Ultrasonography is the first-line choice for identifying ART complications, although lack of specific symptoms may first trigger other approaches. Familiarity with characteristic strengths and limitations of these and other techniques will facilitate accurate, timely diagnosis and avert potentially serious consequences.

Multiple Gestations

Multiple gestation accounts for about 3% of all pregnancies. With an increase in the number of fetuses, scans become more complex, time consuming, and error prone; additionally, determination of zygosity is essential. The management of anomalous, discordant, or moribund co-twins differs significantly based on chorionicity ( Fig. 11.22 ). Monochorionic twins occur with a relatively constant frequency (1 : 250 pregnancies), unlike dichorionic twinning that may be influenced by race, heredity, maternal age, parity, and ART. Ultrasound assignment of chorionicity is most accurate for different-sexed dizygotic twins, but by evaluating sac appearance in early gestation, approaches this accuracy in gender-concordant pairs. Successful identification may occur throughout gestation by examining the dividing membranes at their placental origin. Dichorionic diamniotic twins are usually (95%) dizygotic, with independent risks for anomalies and placental malfunction. Monochorionic pairs are predictably monozygotic; attrition rates exceed 30% from early abortion, anomalies, and prematurity. Matched and isolated anomalies are both more common in monochorionic gestations; because of shared vasculature, loss of a co-twin may kill its sibling outright or produce severe neurologic damage in up to one-third of survivors.

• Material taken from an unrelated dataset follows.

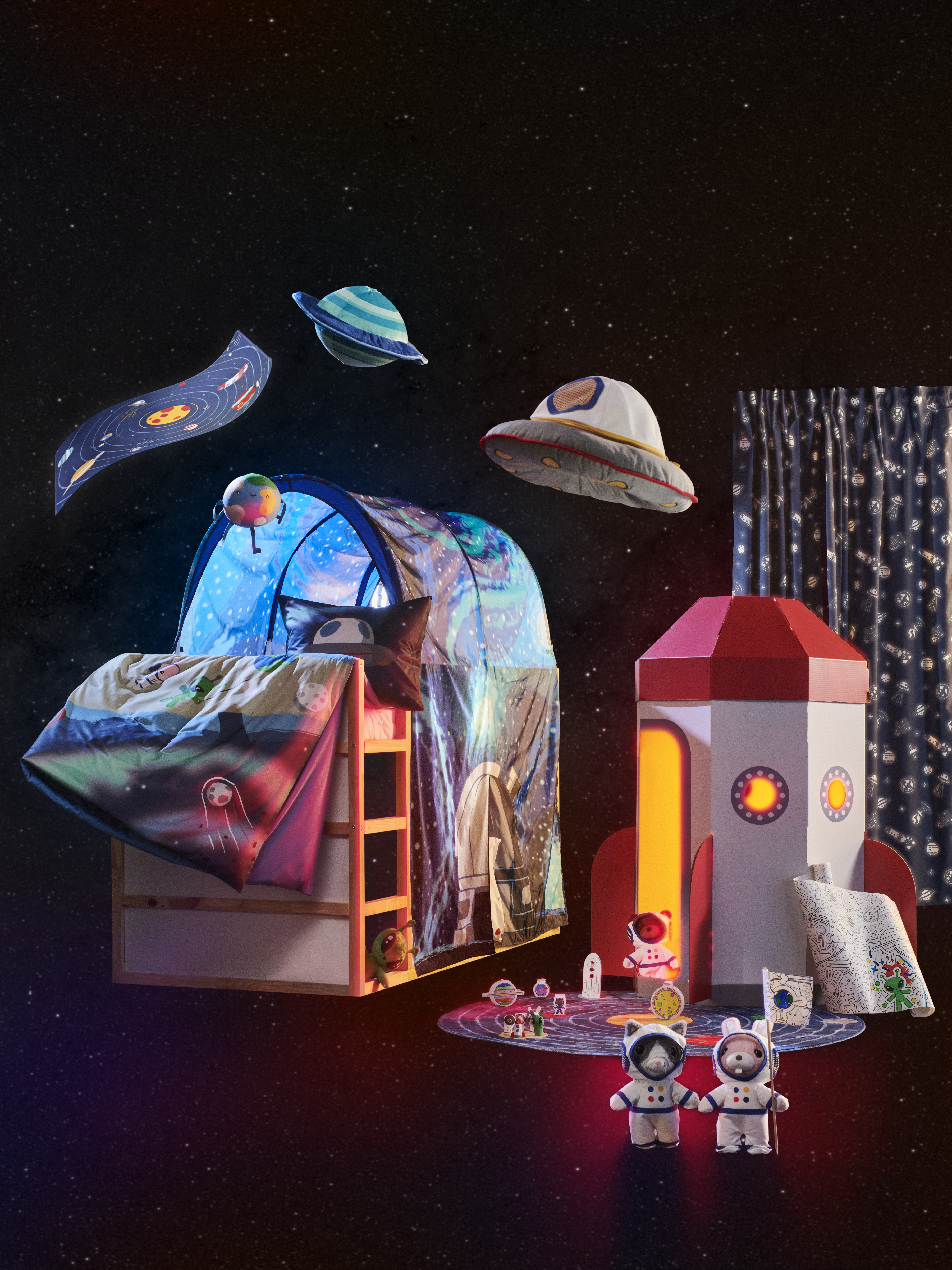 The collection features everything to kick start an adventure into outer space, including a solar system bed tent for kids to drift off to sleep under the stars. AFTONSPARV also features soft-toy astronauts and aliens, finger puppets (from $10), duvets and pillow covers (from $29) – all made from 100% recycled polyester – as well as a cardboard rocket play tent ($40), planet and rocket lamps (from $35) and a glowin-the-dark curtain ($40).
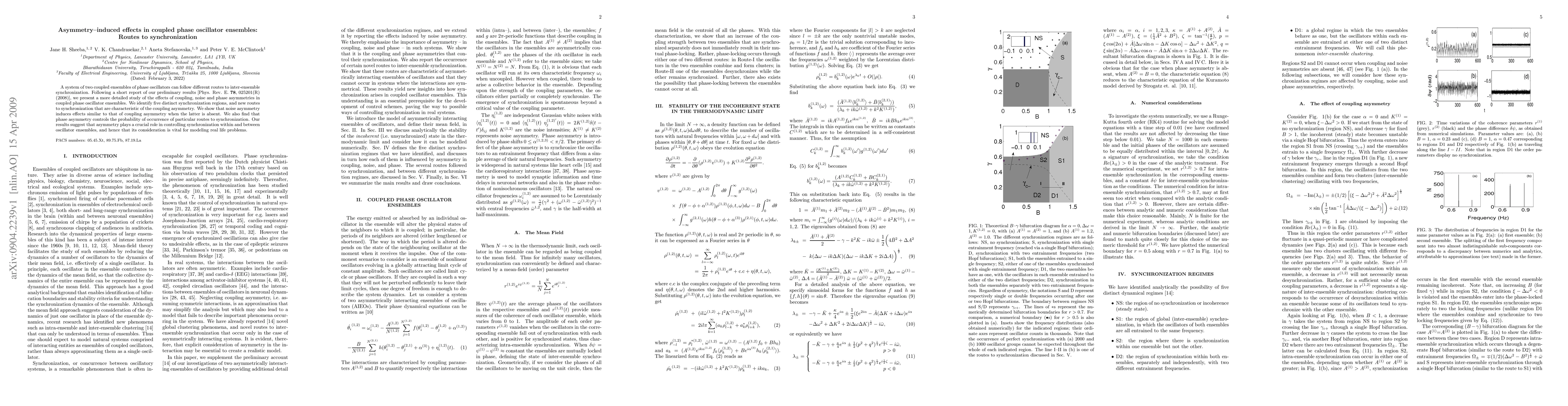 A system of two coupled ensembles of phase oscillators can follow different routes to inter-ensemble synchronization. Following a short report of our preliminary results [Phys. Rev. E. {\bf 78}, 025201(R) (2008)], we present a more detailed study of the effects of coupling, noise and phase asymmetries in coupled phase oscillator ensembles. We identify five distinct synchronization regions, and new routes to synchronization that are characteristic of the coupling asymmetry. We show that noise asymmetry induces effects similar to that of coupling asymmetry when the latter is absent. We also find that phase asymmetry controls the probability of occurrence of particular routes to synchronization. Our results suggest that asymmetry plays a crucial role in controlling synchronization within and between oscillator ensembles, and hence that its consideration is vital for modeling real life problems.

Monochorionic TTTS, more common in females, is characterized by unbalanced, shared perfusion that restricts growth and amniotic fluid production in the donor and causes volume overload, cardiac dysfunction, and polyhydramnios in the recipient. Ultrasound staging has been used to time and to guide a variety of vascular ablation strategies. Serial amniocentesis may be helpful in milder cases. Management by these approaches has been modestly effective in decreasing stillbirths and prematurity in TTTS. Monoamniotic twins rarely experience TTTS but routinely encounter cord entanglements, resulting in high lethality rate of both fetuses ( Fig. 11.23 ). Management usually consists of a scheduled preterm cesarean prior to onset of labor. For all multiple gestations, serial ultrasound monitoring of growth, well-being, placental performance, and cervical length is common practice.

Twin reversed arterial perfusion (TRAP) sequence is another complication of monochorionic twinning, complicating approximately 1% of monozygotic pregnancies. Placentation among TRAP cases has been predominantly reported to be monochorionic diamniotic and to a lesser degree monochorionic monoamniotic twins. The proposed pathogenesis is the association of paired artery-to-artery and vein-to-vein anastomoses through the placenta combined with delayed cardiac function of one of the twins early in pregnancy. This situation allows blood pumped from the healthy twin “pump twin” to perfuse retrogradely the heart of the other twin, also known as the “acardiac” twin or “parabiotic twin.” Thus, flow in the artery and vein are reversed in the umbilical cord of the acardiac twin, giving rise to the acronym TRAP. Retrograde perfusion interferes with normal cardiac development, which rarely goes beyond the stage of tubular heart. Common abnormal findings in the “acardiac twin” include impaired or absent development of the cephalic pole, rudimentary or absent heart, abnormal or absent upper limbs, relative preservation of the lower limbs although clubbing and abnormal toes are common, abnormal viscera, and single umbilical artery. A common finding is massive edema around the upper body including the neck of the acardiac twin ( Fig. 11.24 A - C ).